§ Dataset entries

-----

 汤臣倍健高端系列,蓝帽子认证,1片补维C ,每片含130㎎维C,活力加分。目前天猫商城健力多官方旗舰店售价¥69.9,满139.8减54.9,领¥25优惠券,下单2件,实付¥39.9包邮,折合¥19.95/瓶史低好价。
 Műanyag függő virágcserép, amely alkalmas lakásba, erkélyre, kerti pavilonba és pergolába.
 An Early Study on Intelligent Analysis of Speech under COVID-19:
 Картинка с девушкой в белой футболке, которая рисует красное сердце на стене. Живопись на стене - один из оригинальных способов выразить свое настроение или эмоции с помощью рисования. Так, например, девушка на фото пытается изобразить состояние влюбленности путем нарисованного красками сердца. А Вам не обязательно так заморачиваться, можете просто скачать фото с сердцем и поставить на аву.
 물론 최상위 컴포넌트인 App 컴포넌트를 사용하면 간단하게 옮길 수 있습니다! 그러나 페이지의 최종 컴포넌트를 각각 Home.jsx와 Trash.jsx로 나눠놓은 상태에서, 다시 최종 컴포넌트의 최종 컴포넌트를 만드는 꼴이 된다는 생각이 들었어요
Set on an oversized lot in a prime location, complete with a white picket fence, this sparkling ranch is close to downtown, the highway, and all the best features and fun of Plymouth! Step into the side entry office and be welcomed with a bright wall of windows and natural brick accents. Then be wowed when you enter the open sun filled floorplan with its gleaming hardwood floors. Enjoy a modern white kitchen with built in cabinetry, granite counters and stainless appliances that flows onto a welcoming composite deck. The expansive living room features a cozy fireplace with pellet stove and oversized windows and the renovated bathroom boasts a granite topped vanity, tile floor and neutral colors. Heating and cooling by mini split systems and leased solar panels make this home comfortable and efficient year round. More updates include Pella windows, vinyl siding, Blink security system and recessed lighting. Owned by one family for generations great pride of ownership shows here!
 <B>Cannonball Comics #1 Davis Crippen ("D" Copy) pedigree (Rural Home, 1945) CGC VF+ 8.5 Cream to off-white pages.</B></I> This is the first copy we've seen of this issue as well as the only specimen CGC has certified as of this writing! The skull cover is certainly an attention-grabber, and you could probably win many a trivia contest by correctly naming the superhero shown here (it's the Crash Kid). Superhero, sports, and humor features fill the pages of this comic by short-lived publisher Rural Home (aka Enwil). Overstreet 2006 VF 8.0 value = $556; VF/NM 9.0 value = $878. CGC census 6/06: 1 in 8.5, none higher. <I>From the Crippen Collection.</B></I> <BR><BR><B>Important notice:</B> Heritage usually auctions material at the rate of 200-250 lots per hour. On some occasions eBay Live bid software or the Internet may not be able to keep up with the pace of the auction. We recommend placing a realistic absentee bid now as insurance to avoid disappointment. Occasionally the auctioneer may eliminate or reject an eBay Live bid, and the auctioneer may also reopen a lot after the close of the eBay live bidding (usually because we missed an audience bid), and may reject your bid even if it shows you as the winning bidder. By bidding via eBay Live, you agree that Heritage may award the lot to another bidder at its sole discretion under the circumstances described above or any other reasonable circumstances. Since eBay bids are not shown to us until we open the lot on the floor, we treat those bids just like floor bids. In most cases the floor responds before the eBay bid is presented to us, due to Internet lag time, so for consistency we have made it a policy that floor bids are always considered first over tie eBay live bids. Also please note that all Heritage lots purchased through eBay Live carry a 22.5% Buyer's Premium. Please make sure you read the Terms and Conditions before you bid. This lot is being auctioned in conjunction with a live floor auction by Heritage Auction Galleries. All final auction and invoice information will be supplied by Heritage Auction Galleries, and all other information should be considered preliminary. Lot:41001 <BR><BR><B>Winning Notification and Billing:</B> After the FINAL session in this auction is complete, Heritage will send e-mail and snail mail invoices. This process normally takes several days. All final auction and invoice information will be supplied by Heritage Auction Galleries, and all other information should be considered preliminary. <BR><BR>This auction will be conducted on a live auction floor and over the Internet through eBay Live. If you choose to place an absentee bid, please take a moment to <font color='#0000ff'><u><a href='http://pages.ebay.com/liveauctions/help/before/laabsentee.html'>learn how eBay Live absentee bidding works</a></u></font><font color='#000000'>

-----

§ Task goal
Please transcribe the listing in full. Keep each line exact.

§ Solution to this task
 汤臣倍健高端系列,蓝帽子认证,1片补维C ,每片含130㎎维C,活力加分。目前天猫商城健力多官方旗舰店售价¥69.9,满139.8减54.9,领¥25优惠券,下单2件,实付¥39.9包邮,折合¥19.95/瓶史低好价。
 Műanyag függő virágcserép, amely alkalmas lakásba, erkélyre, kerti pavilonba és pergolába.
 An Early Study on Intelligent Analysis of Speech under COVID-19:
 Картинка с девушкой в белой футболке, которая рисует красное сердце на стене. Живопись на стене - один из оригинальных способов выразить свое настроение или эмоции с помощью рисования. Так, например, девушка на фото пытается изобразить состояние влюбленности путем нарисованного красками сердца. А Вам не обязательно так заморачиваться, можете просто скачать фото с сердцем и поставить на аву.
 물론 최상위 컴포넌트인 App 컴포넌트를 사용하면 간단하게 옮길 수 있습니다! 그러나 페이지의 최종 컴포넌트를 각각 Home.jsx와 Trash.jsx로 나눠놓은 상태에서, 다시 최종 컴포넌트의 최종 컴포넌트를 만드는 꼴이 된다는 생각이 들었어요
Set on an oversized lot in a prime location, complete with a white picket fence, this sparkling ranch is close to downtown, the highway, and all the best features and fun of Plymouth! Step into the side entry office and be welcomed with a bright wall of windows and natural brick accents. Then be wowed when you enter the open sun filled floorplan with its gleaming hardwood floors. Enjoy a modern white kitchen with built in cabinetry, granite counters and stainless appliances that flows onto a welcoming composite deck. The expansive living room features a cozy fireplace with pellet stove and oversized windows and the renovated bathroom boasts a granite topped vanity, tile floor and neutral colors. Heating and cooling by mini split systems and leased solar panels make this home comfortable and efficient year round. More updates include Pella windows, vinyl siding, Blink security system and recessed lighting. Owned by one family for generations great pride of ownership shows here!
 <B>Cannonball Comics #1 Davis Crippen ("D" Copy) pedigree (Rural Home, 1945) CGC VF+ 8.5 Cream to off-white pages.</B></I> This is the first copy we've seen of this issue as well as the only specimen CGC has certified as of this writing! The skull cover is certainly an attention-grabber, and you could probably win many a trivia contest by correctly naming the superhero shown here (it's the Crash Kid). Superhero, sports, and humor features fill the pages of this comic by short-lived publisher Rural Home (aka Enwil). Overstreet 2006 VF 8.0 value = $556; VF/NM 9.0 value = $878. CGC census 6/06: 1 in 8.5, none higher. <I>From the Crippen Collection.</B></I> <BR><BR><B>Important notice:</B> Heritage usually auctions material at the rate of 200-250 lots per hour. On some occasions eBay Live bid software or the Internet may not be able to keep up with the pace of the auction. We recommend placing a realistic absentee bid now as insurance to avoid disappointment. Occasionally the auctioneer may eliminate or reject an eBay Live bid, and the auctioneer may also reopen a lot after the close of the eBay live bidding (usually because we missed an audience bid), and may reject your bid even if it shows you as the winning bidder. By bidding via eBay Live, you agree that Heritage may award the lot to another bidder at its sole discretion under the circumstances described above or any other reasonable circumstances. Since eBay bids are not shown to us until we open the lot on the floor, we treat those bids just like floor bids. In most cases the floor responds before the eBay bid is presented to us, due to Internet lag time, so for consistency we have made it a policy that floor bids are always considered first over tie eBay live bids. Also please note that all Heritage lots purchased through eBay Live carry a 22.5% Buyer's Premium. Please make sure you read the Terms and Conditions before you bid. This lot is being auctioned in conjunction with a live floor auction by Heritage Auction Galleries. All final auction and invoice information will be supplied by Heritage Auction Galleries, and all other information should be considered preliminary. Lot:41001 <BR><BR><B>Winning Notification and Billing:</B> After the FINAL session in this auction is complete, Heritage will send e-mail and snail mail invoices. This process normally takes several days. All final auction and invoice information will be supplied by Heritage Auction Galleries, and all other information should be considered preliminary. <BR><BR>This auction will be conducted on a live auction floor and over the Internet through eBay Live. If you choose to place an absentee bid, please take a moment to <font color='#0000ff'><u><a href='http://pages.ebay.com/liveauctions/help/before/laabsentee.html'>learn how eBay Live absentee bidding works</a></u></font><font color='#000000'>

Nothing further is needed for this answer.